X = pd.concat([df[['PRICEEACH', 'QUANTITYORDERED']], df_encoded], axis=1)
y = df['HIGH_SALES']

X_train, X_test, y_train, y_test = train_test_split(X, y, test_size=0.2, random_state=42)
model = LogisticRegression(max_iter=1000)
model.fit(X_train, y_train)
y_pred = model.predict(X_test)
print(classification_report(y_test, y_pred))

In [None]:
sample_data = pd.DataFrame([[
    95, 0,  14, 0, 0, 0, 0, 0, 10, 0    
]], columns=X.columns)

#example Prediction
sample_prediction = model.predict(sample_data)
print("Prediction:", "High Sales" if sample_prediction[0] == 1 else "Low Sales")

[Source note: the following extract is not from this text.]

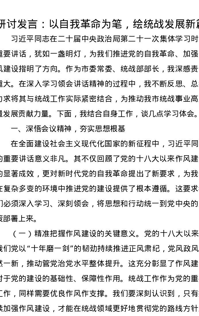 研讨发言:以自我革命为笔,绘统战发展新篇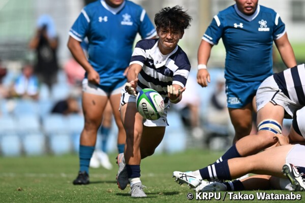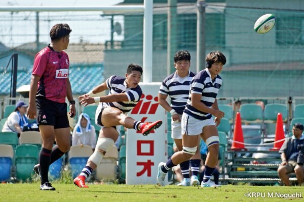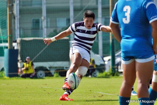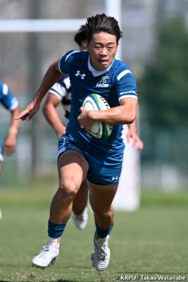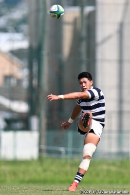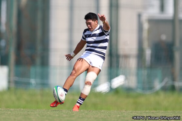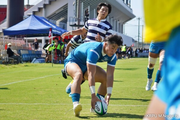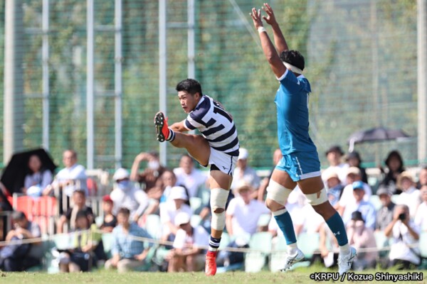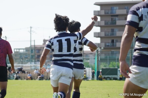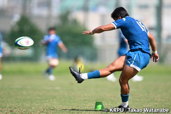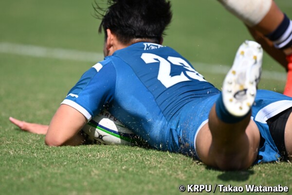 残りあと10分を切った32分、ゴール前でラインアウトの機会を得た関大。FWで取り切ろうとするが、阻止されBKへ右展開、右大外で取り切れず、今度は左へ展開、⑩崎田から飛ばしパスをもらったWTB⑪遠藤亮真が左隅へ飛び込む。難しい位置からのGKは⑩崎田が決めて点差を詰める。(25―17)

The logistic regression model performs very well, with 97% accuracy in predicting whether a product will have high or low sales. It shows a strong balance between correctly identifying both categories.

Key factors like price, quantity, deal size, and product line help the model make accurate predictions. This model can support better decisions in pricing, marketing, and inventory planning.

Overall, it’s a reliable and useful tool for sales classification.